Introduction

Introduction

Prostate cancer is diagnosed through a range of tests. These include measuring serum prostate-specific antigen (PSA) levels, digital rectal examination, rectal ultrasound, imaging tests such as MRI or CT scans and prostate biopsy. Biopsy specimens are scored based on the appearance of the prostate cells under a microscope. This is a form of tumour grading which gives an indication of the abnormality of the prostate cells. The most common system used is the Gleason score. This is used to help predict disease outcome; cancers with higher Gleason scores are more aggressive and are associated with worse prognoses. Tumours are also staged to determine how far the cancer has spread, most commonly using the TNM (tumour, node, metastasis) system.

Based on the results of these tests, people with prostate cancer are categorised into 1 of 3 risk groups (often called D'Amico risk classification). The criteria for the different risk groups are outlined in NICE's guideline on prostate cancer: diagnosis and treatment, and the classification is used to help guide treatment decisions.
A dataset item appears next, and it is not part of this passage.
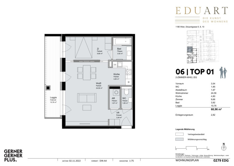 Beim Projekt EDUART handelt es sich um einen außergewöhnlichen Neubau bestehend aus drei Trakten mit Tiefgarage, welcher nicht nur durch seine flexiblen und intelligent geplanten Grundrisse und die großzügige Planung von Balkon/Loggien- Garten und Terrassenflächen, sondern auch durch seine sehr gute Lage in der Nähe von Kutschkermarkt und Schubertpark besticht.

The groups are as follows:

  • Low risk: PSA score of less than 10 ng/ml, and small size tumour confined within the prostate (T1–T2a), and biopsy result showing a Gleason score of less than 6.
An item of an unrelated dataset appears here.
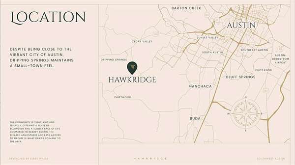 Tucked inside the Hill Country at the edge of Austin, Hawkridge offers a rare blend of refined living and natural beauty. This gated community brings space, privacy, and a connection to nature without sacrificing convenience. From here, you're just a short drive to Austin's top restaurants, music, and culture-or head the other way to explore wineries, trails, and the wide-open beauty of the hills. Each lot provides room to design a one-of-a-kind home surrounded by mature trees and scenic views. With a low tax rate and thoughtful planning throughout, Hawkridge is where peaceful living meets everyday possibility.

  • Intermediate risk: PSA score of 10–20 ng/ml, or tumour confined to the prostate involving more than 50% of 1 lobe (T2b), or biopsy results showing a Gleason score of 7.

  • High risk: PSA score of more than 20 ng/ml, or tumour confined to the prostate involving both lobes (T2c and above), or biopsy results showing a Gleason score of 8–10.

Clinicians can also use nomograms (mathematical models) to help make decisions about treatment. A nomogram predicts long-term outcomes in people with prostate cancer. Nomograms can use various factors including TNM, PSA level and Gleason score to estimate the risk of the cancer spreading to other parts of the body or recurrence after treatment (surgery or radiotherapy).

Depending on their risk group, people with prostate cancer may be offered the following options:

  • Watchful waiting, where no treatment is given, but patients are monitored for signs of change. If symptoms of progressive disease are found, treatment aims to control the cancer rather than cure it.

  • Active surveillance, where no treatment is given, but patients are closely monitored for signs of change. If any changes are found, treatment aims to cure the cancer.

  • Radical prostatectomy (surgical removal of the prostate) with or without removal of lymph nodes.

  • External beam radiotherapy with or without brachytherapy (internal radiotherapy).

  • Brachytherapy alone.

  • Hormonal therapy.

For many people prostate cancer can be cured with surgery or radiotherapy, but in around 1 in 3 cases the cancer comes back some time after treatment. PSA levels are used to monitor this. An increase in the levels of PSA is called biochemical recurrence and may indicate that further treatment is needed (Cancer Research UK 2014d).

Despite the routine use of risk classification and nomograms to categorise prostate cancer, these tools have some limitations. These include the lack of patient specificity, which may lead to misclassifications and to over- or under-treatment. A more personalised approach for assigning risk categories to people diagnosed with prostate cancer may improve accuracy and, therefore, appropriateness of treatment.